--- PROVIDED DATA ---

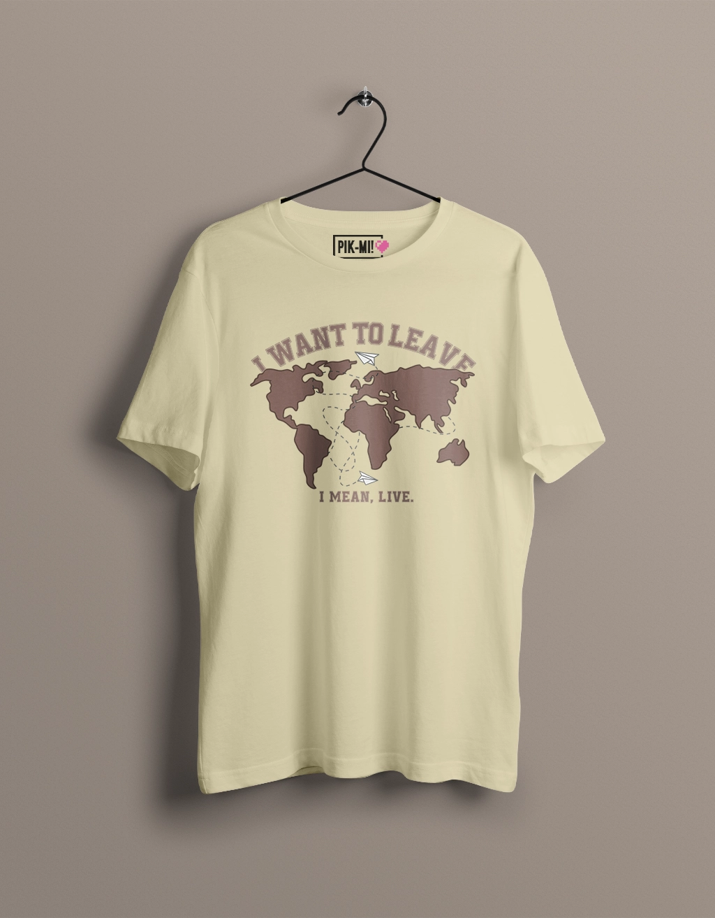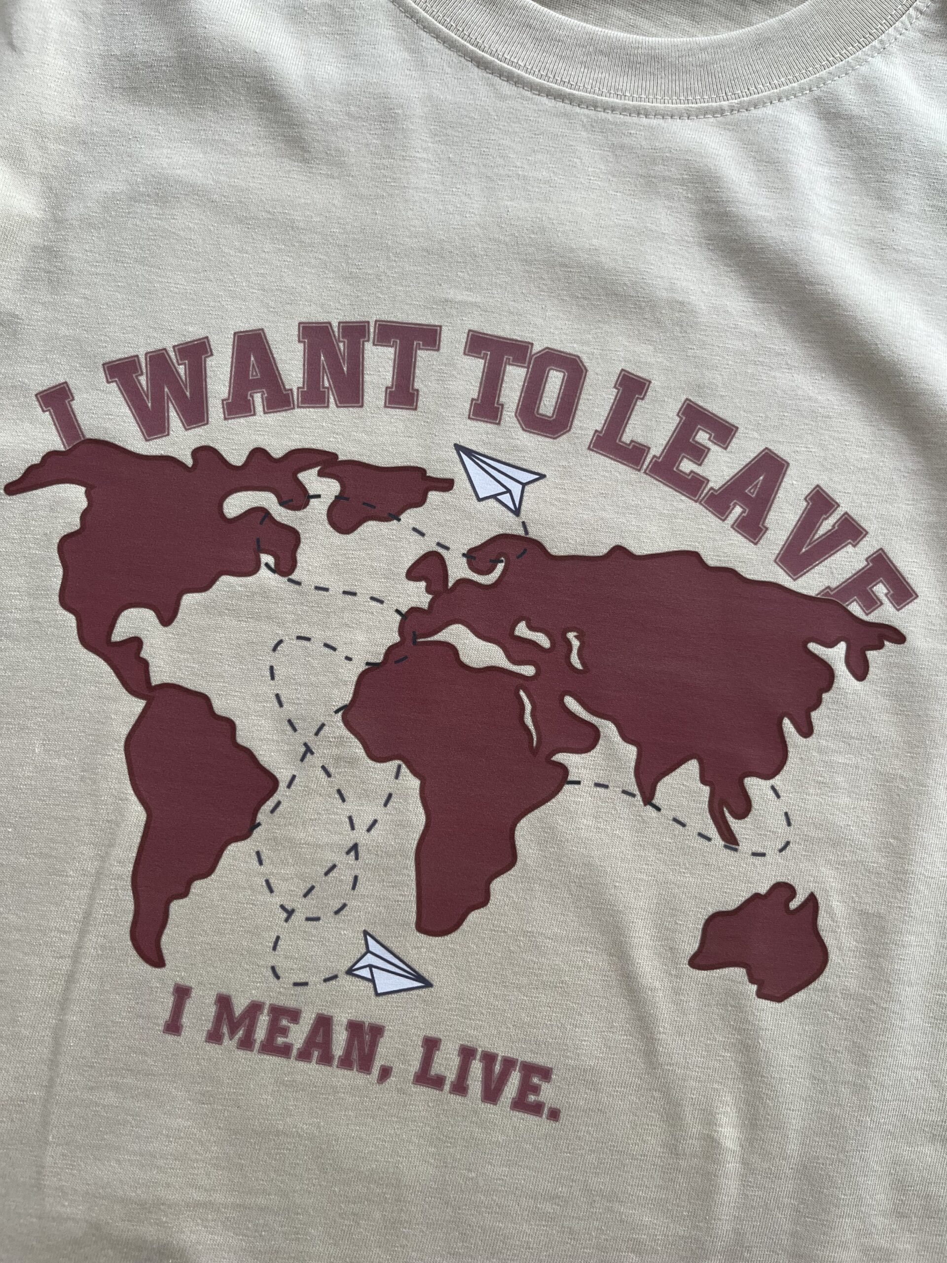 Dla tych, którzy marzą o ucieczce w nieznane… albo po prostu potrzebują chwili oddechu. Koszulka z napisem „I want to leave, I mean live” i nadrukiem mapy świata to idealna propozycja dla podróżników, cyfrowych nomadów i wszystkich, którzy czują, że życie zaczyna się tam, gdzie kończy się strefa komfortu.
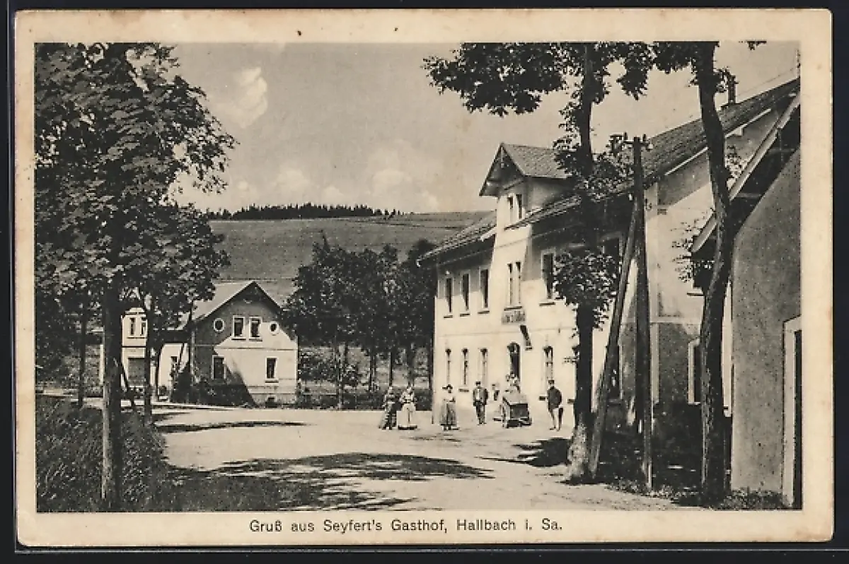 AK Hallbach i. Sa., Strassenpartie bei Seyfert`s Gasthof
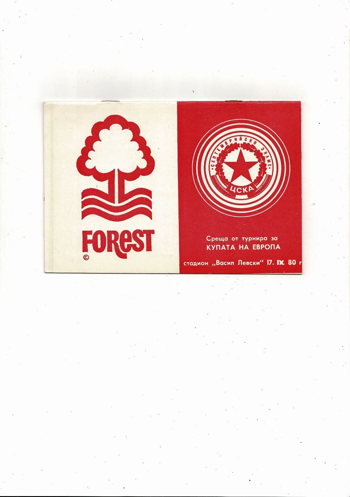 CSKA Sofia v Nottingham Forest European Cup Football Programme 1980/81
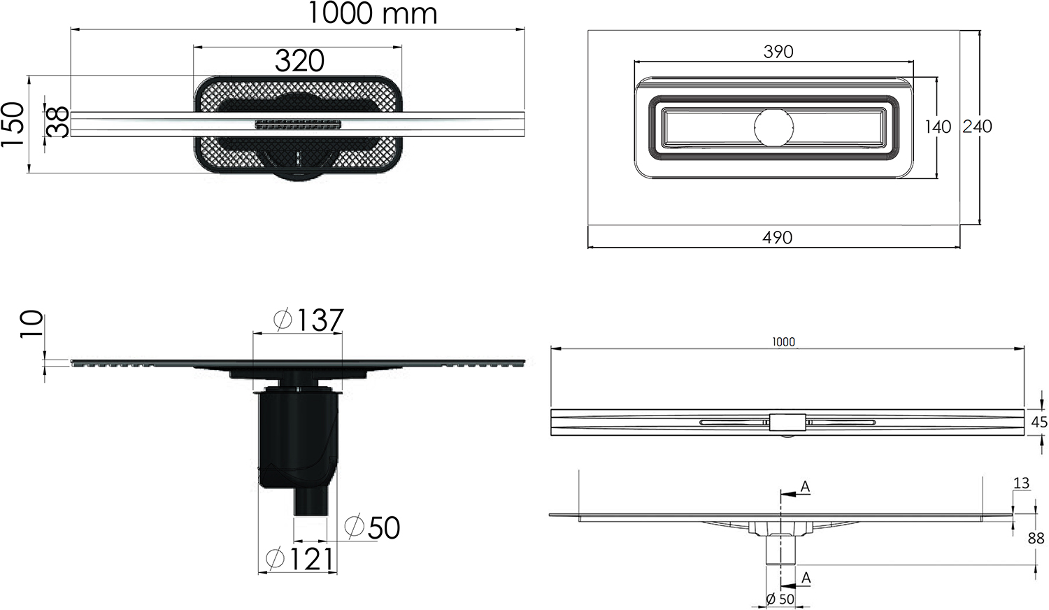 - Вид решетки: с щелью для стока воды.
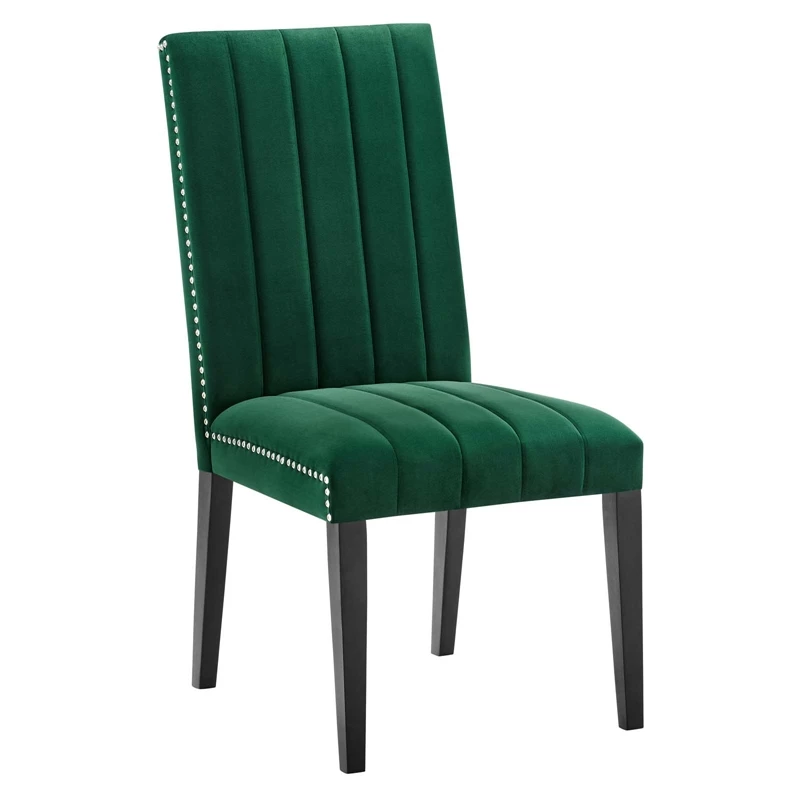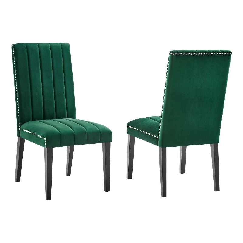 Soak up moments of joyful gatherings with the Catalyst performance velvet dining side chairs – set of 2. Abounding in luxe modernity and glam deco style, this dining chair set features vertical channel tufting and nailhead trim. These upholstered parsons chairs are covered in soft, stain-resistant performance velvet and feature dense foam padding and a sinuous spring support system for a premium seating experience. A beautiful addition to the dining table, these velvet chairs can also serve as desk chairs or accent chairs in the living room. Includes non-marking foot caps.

---

» **EXERCISE PROMPT**
From the line containing "- Вид решетки: с щелью для стока воды." through the last line of the data above, write out every line word for word, and nothing else. Do not include the pictures.

» **EXERCISE ANSWER**
 - Вид решетки: с щелью для стока воды.
 Soak up moments of joyful gatherings with the Catalyst performance velvet dining side chairs – set of 2. Abounding in luxe modernity and glam deco style, this dining chair set features vertical channel tufting and nailhead trim. These upholstered parsons chairs are covered in soft, stain-resistant performance velvet and feature dense foam padding and a sinuous spring support system for a premium seating experience. A beautiful addition to the dining table, these velvet chairs can also serve as desk chairs or accent chairs in the living room. Includes non-marking foot caps.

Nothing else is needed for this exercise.